Segment Open

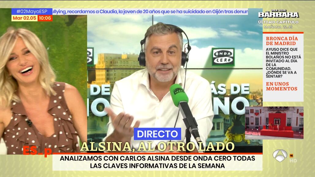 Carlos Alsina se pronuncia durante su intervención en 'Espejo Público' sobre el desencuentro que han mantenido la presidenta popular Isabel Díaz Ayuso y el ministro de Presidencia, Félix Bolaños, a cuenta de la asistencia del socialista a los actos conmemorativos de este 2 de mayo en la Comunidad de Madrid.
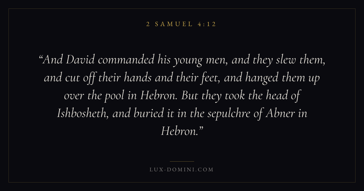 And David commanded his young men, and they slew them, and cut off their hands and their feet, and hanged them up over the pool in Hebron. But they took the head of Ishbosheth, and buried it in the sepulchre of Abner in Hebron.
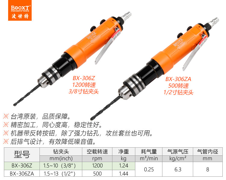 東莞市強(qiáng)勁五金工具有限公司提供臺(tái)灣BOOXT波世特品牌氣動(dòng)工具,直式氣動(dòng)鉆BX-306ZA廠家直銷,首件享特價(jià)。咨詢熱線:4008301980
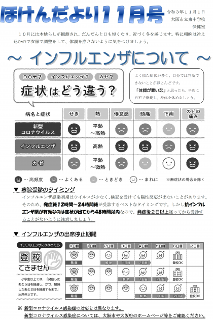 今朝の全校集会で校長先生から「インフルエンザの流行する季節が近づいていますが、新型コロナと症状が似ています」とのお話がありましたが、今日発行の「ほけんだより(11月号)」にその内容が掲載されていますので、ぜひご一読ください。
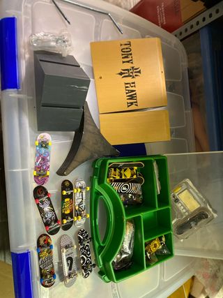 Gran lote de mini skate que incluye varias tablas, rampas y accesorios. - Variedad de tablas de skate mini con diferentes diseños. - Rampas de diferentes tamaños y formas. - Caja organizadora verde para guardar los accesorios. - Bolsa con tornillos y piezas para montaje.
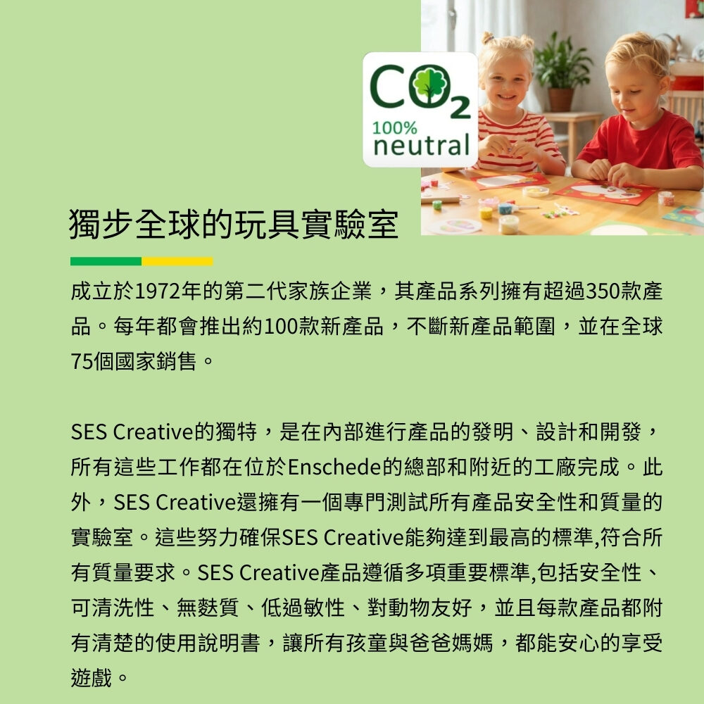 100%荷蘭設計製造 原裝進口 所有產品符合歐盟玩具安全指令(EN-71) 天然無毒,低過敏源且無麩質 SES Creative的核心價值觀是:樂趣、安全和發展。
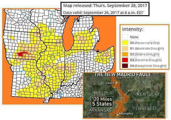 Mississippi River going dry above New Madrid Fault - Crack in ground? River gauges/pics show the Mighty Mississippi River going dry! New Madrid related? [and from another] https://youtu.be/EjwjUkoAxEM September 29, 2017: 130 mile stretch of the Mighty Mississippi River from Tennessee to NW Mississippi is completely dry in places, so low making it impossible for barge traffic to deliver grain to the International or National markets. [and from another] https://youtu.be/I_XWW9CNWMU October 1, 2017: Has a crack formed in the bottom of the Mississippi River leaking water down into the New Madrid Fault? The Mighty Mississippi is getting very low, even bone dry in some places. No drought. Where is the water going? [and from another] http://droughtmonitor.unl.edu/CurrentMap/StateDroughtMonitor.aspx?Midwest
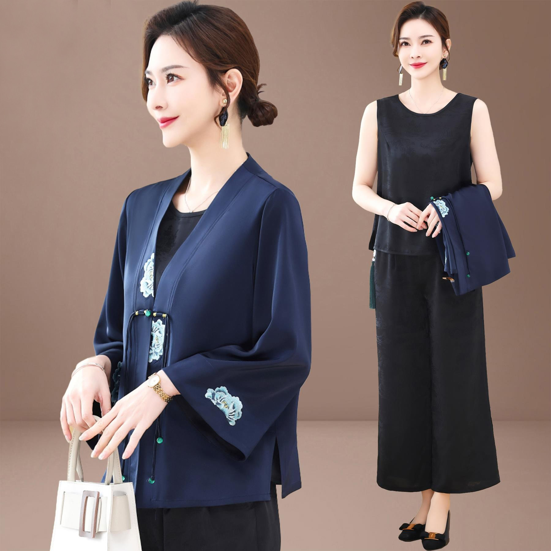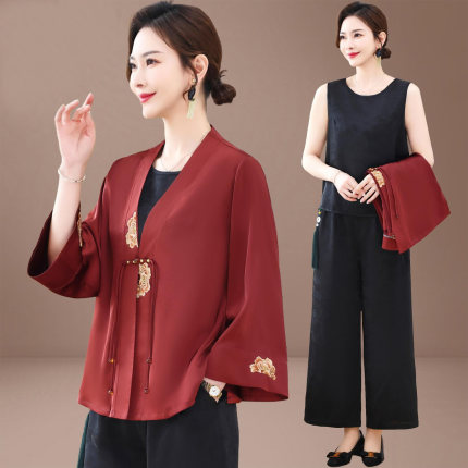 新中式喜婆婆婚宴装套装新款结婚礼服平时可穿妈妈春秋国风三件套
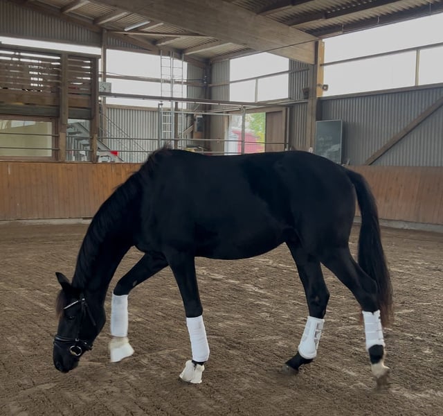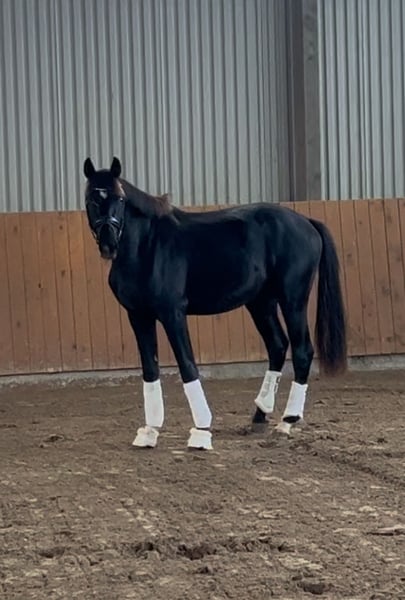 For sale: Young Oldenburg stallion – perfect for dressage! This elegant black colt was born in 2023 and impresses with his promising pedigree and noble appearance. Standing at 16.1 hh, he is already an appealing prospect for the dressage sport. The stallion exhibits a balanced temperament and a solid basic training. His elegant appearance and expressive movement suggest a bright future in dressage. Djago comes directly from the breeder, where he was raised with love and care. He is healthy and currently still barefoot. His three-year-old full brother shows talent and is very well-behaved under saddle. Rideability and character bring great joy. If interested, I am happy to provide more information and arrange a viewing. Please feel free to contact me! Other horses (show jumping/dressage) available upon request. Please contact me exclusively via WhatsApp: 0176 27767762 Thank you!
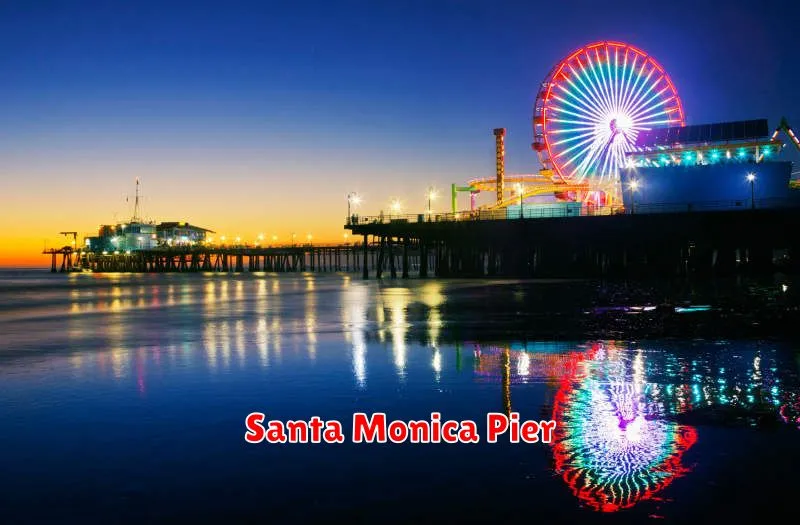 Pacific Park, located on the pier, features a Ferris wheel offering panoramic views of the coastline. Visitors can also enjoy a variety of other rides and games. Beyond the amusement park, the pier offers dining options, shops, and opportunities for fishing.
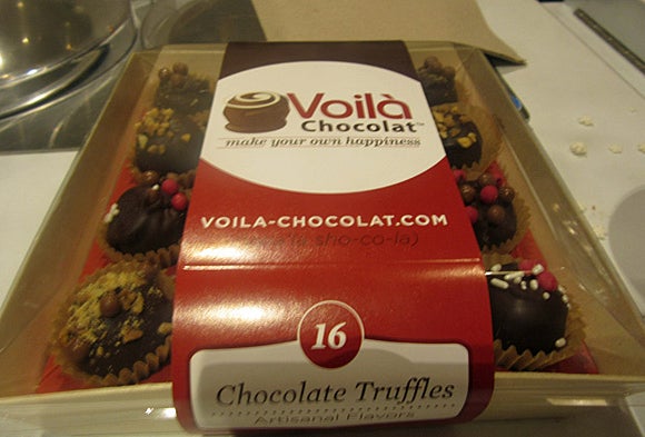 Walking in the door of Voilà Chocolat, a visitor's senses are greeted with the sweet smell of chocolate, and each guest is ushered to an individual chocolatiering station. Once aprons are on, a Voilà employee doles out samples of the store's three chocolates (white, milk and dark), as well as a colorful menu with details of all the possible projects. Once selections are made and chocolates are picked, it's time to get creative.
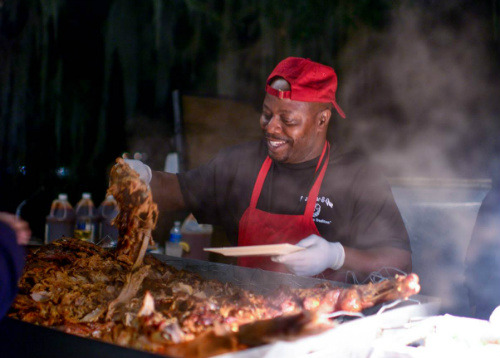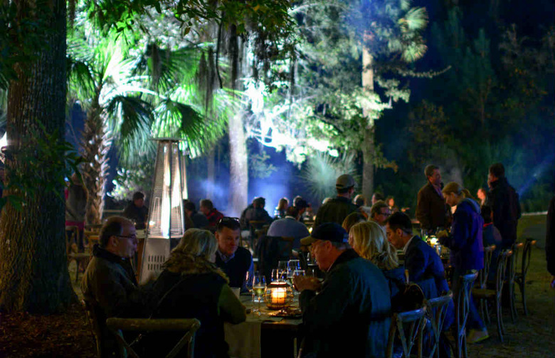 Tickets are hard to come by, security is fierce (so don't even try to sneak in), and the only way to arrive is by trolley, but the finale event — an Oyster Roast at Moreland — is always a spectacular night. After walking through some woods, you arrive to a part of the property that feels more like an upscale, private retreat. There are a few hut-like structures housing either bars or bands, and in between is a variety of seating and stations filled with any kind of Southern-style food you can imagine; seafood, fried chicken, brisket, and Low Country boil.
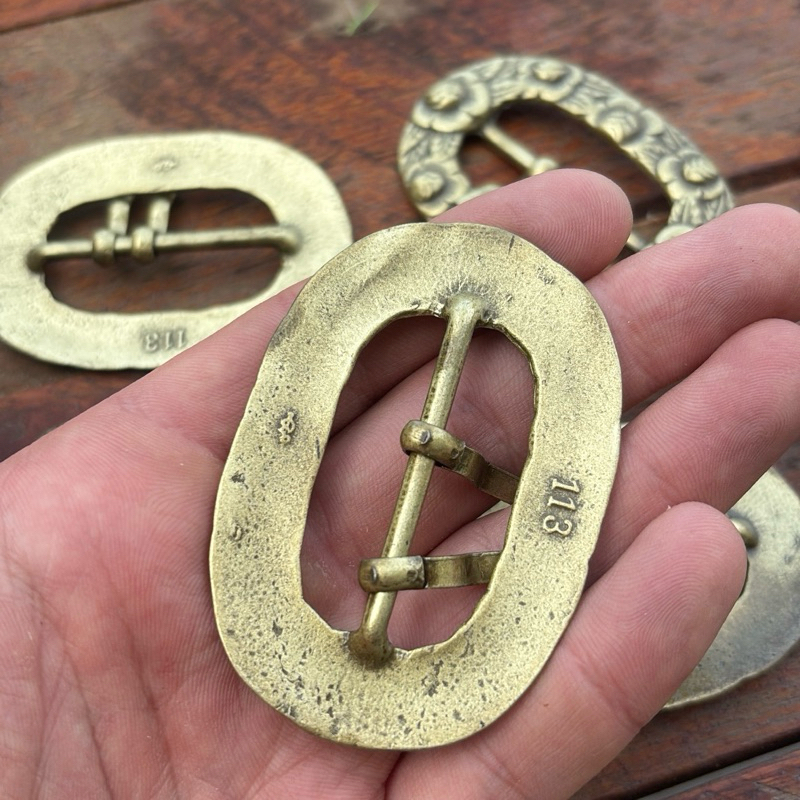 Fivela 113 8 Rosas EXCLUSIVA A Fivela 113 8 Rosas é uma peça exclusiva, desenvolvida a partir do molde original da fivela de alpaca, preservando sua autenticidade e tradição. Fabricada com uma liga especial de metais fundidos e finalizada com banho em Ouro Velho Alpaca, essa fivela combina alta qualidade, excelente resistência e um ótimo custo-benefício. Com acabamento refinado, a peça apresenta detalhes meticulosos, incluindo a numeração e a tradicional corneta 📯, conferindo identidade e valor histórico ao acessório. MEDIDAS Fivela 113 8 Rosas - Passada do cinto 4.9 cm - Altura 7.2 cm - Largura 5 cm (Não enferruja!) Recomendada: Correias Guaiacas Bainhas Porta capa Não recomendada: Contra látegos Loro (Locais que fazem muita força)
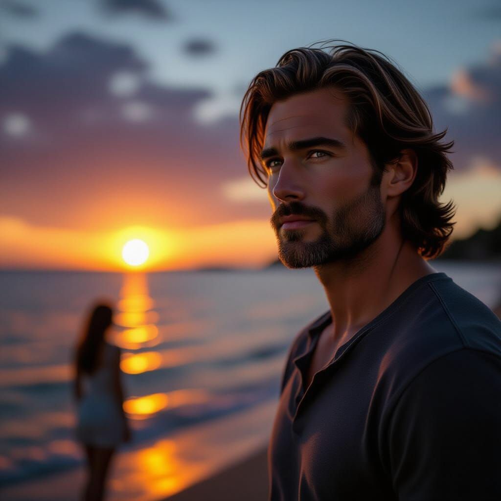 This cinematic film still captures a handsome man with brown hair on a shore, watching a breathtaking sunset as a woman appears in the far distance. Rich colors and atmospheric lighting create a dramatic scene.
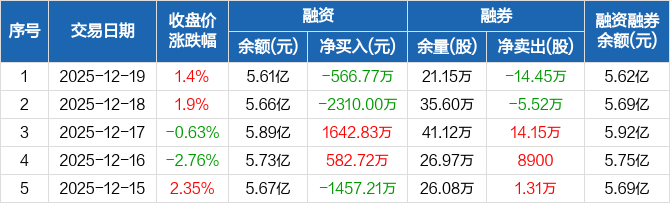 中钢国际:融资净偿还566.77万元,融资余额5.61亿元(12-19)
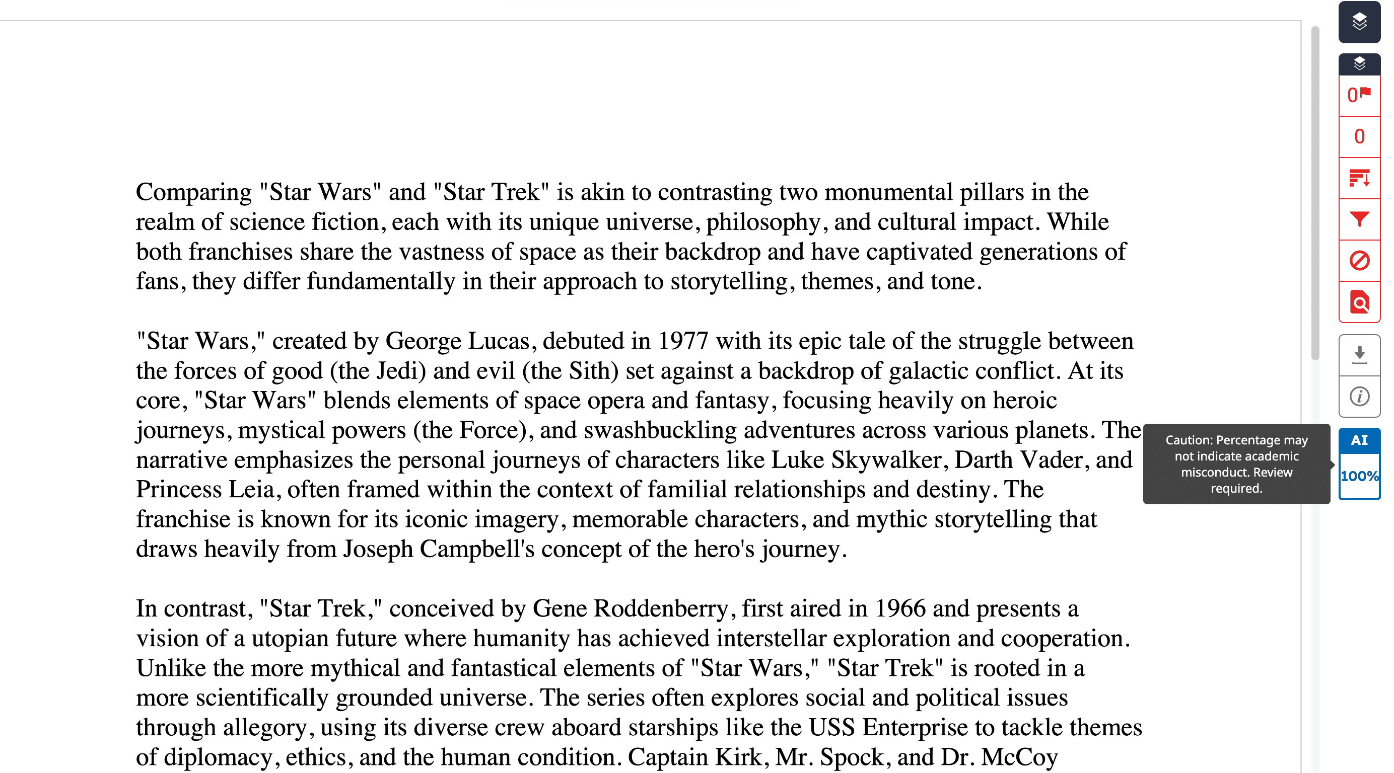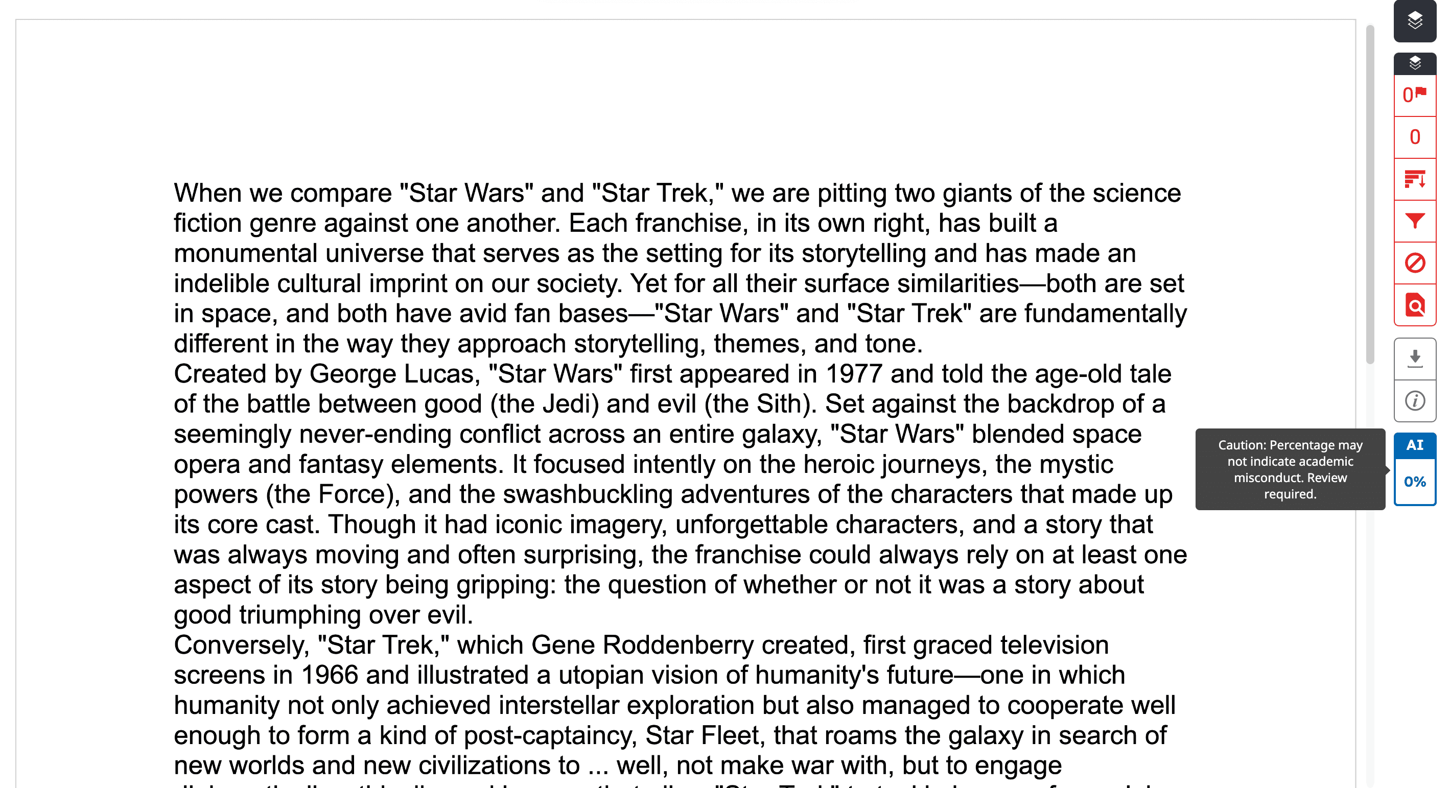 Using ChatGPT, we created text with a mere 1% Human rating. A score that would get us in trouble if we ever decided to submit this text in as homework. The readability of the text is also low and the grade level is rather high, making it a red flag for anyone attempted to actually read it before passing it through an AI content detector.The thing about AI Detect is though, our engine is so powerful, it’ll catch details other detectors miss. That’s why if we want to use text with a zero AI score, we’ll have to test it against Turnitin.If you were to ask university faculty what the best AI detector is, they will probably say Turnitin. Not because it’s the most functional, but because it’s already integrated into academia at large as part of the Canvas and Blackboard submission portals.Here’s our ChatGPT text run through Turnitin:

Segment Closed

**Problem**. Take the listing above and restate it word for word, without its pictures.

**Output below**.
 Carlos Alsina se pronuncia durante su intervención en 'Espejo Público' sobre el desencuentro que han mantenido la presidenta popular Isabel Díaz Ayuso y el ministro de Presidencia, Félix Bolaños, a cuenta de la asistencia del socialista a los actos conmemorativos de este 2 de mayo en la Comunidad de Madrid.
 And David commanded his young men, and they slew them, and cut off their hands and their feet, and hanged them up over the pool in Hebron. But they took the head of Ishbosheth, and buried it in the sepulchre of Abner in Hebron.
 東莞市強(qiáng)勁五金工具有限公司提供臺(tái)灣BOOXT波世特品牌氣動(dòng)工具,直式氣動(dòng)鉆BX-306ZA廠家直銷,首件享特價(jià)。咨詢熱線:4008301980
 今朝の全校集会で校長先生から「インフルエンザの流行する季節が近づいていますが、新型コロナと症状が似ています」とのお話がありましたが、今日発行の「ほけんだより(11月号)」にその内容が掲載されていますので、ぜひご一読ください。
 Gran lote de mini skate que incluye varias tablas, rampas y accesorios. - Variedad de tablas de skate mini con diferentes diseños. - Rampas de diferentes tamaños y formas. - Caja organizadora verde para guardar los accesorios. - Bolsa con tornillos y piezas para montaje.
 100%荷蘭設計製造 原裝進口 所有產品符合歐盟玩具安全指令(EN-71) 天然無毒,低過敏源且無麩質 SES Creative的核心價值觀是:樂趣、安全和發展。
 Mississippi River going dry above New Madrid Fault - Crack in ground? River gauges/pics show the Mighty Mississippi River going dry! New Madrid related? [and from another] https://youtu.be/EjwjUkoAxEM September 29, 2017: 130 mile stretch of the Mighty Mississippi River from Tennessee to NW Mississippi is completely dry in places, so low making it impossible for barge traffic to deliver grain to the International or National markets. [and from another] https://youtu.be/I_XWW9CNWMU October 1, 2017: Has a crack formed in the bottom of the Mississippi River leaking water down into the New Madrid Fault? The Mighty Mississippi is getting very low, even bone dry in some places. No drought. Where is the water going? [and from another] http://droughtmonitor.unl.edu/CurrentMap/StateDroughtMonitor.aspx?Midwest
 新中式喜婆婆婚宴装套装新款结婚礼服平时可穿妈妈春秋国风三件套
 For sale: Young Oldenburg stallion – perfect for dressage! This elegant black colt was born in 2023 and impresses with his promising pedigree and noble appearance. Standing at 16.1 hh, he is already an appealing prospect for the dressage sport. The stallion exhibits a balanced temperament and a solid basic training. His elegant appearance and expressive movement suggest a bright future in dressage. Djago comes directly from the breeder, where he was raised with love and care. He is healthy and currently still barefoot. His three-year-old full brother shows talent and is very well-behaved under saddle. Rideability and character bring great joy. If interested, I am happy to provide more information and arrange a viewing. Please feel free to contact me! Other horses (show jumping/dressage) available upon request. Please contact me exclusively via WhatsApp: 0176 27767762 Thank you!
 Pacific Park, located on the pier, features a Ferris wheel offering panoramic views of the coastline. Visitors can also enjoy a variety of other rides and games. Beyond the amusement park, the pier offers dining options, shops, and opportunities for fishing.
 Walking in the door of Voilà Chocolat, a visitor's senses are greeted with the sweet smell of chocolate, and each guest is ushered to an individual chocolatiering station. Once aprons are on, a Voilà employee doles out samples of the store's three chocolates (white, milk and dark), as well as a colorful menu with details of all the possible projects. Once selections are made and chocolates are picked, it's time to get creative.
 Tickets are hard to come by, security is fierce (so don't even try to sneak in), and the only way to arrive is by trolley, but the finale event — an Oyster Roast at Moreland — is always a spectacular night. After walking through some woods, you arrive to a part of the property that feels more like an upscale, private retreat. There are a few hut-like structures housing either bars or bands, and in between is a variety of seating and stations filled with any kind of Southern-style food you can imagine; seafood, fried chicken, brisket, and Low Country boil.
 Fivela 113 8 Rosas EXCLUSIVA A Fivela 113 8 Rosas é uma peça exclusiva, desenvolvida a partir do molde original da fivela de alpaca, preservando sua autenticidade e tradição. Fabricada com uma liga especial de metais fundidos e finalizada com banho em Ouro Velho Alpaca, essa fivela combina alta qualidade, excelente resistência e um ótimo custo-benefício. Com acabamento refinado, a peça apresenta detalhes meticulosos, incluindo a numeração e a tradicional corneta 📯, conferindo identidade e valor histórico ao acessório. MEDIDAS Fivela 113 8 Rosas - Passada do cinto 4.9 cm - Altura 7.2 cm - Largura 5 cm (Não enferruja!) Recomendada: Correias Guaiacas Bainhas Porta capa Não recomendada: Contra látegos Loro (Locais que fazem muita força)
 This cinematic film still captures a handsome man with brown hair on a shore, watching a breathtaking sunset as a woman appears in the far distance. Rich colors and atmospheric lighting create a dramatic scene.
 中钢国际:融资净偿还566.77万元,融资余额5.61亿元(12-19)
 Using ChatGPT, we created text with a mere 1% Human rating. A score that would get us in trouble if we ever decided to submit this text in as homework. The readability of the text is also low and the grade level is rather high, making it a red flag for anyone attempted to actually read it before passing it through an AI content detector.The thing about AI Detect is though, our engine is so powerful, it’ll catch details other detectors miss. That’s why if we want to use text with a zero AI score, we’ll have to test it against Turnitin.If you were to ask university faculty what the best AI detector is, they will probably say Turnitin. Not because it’s the most functional, but because it’s already integrated into academia at large as part of the Canvas and Blackboard submission portals.Here’s our ChatGPT text run through Turnitin:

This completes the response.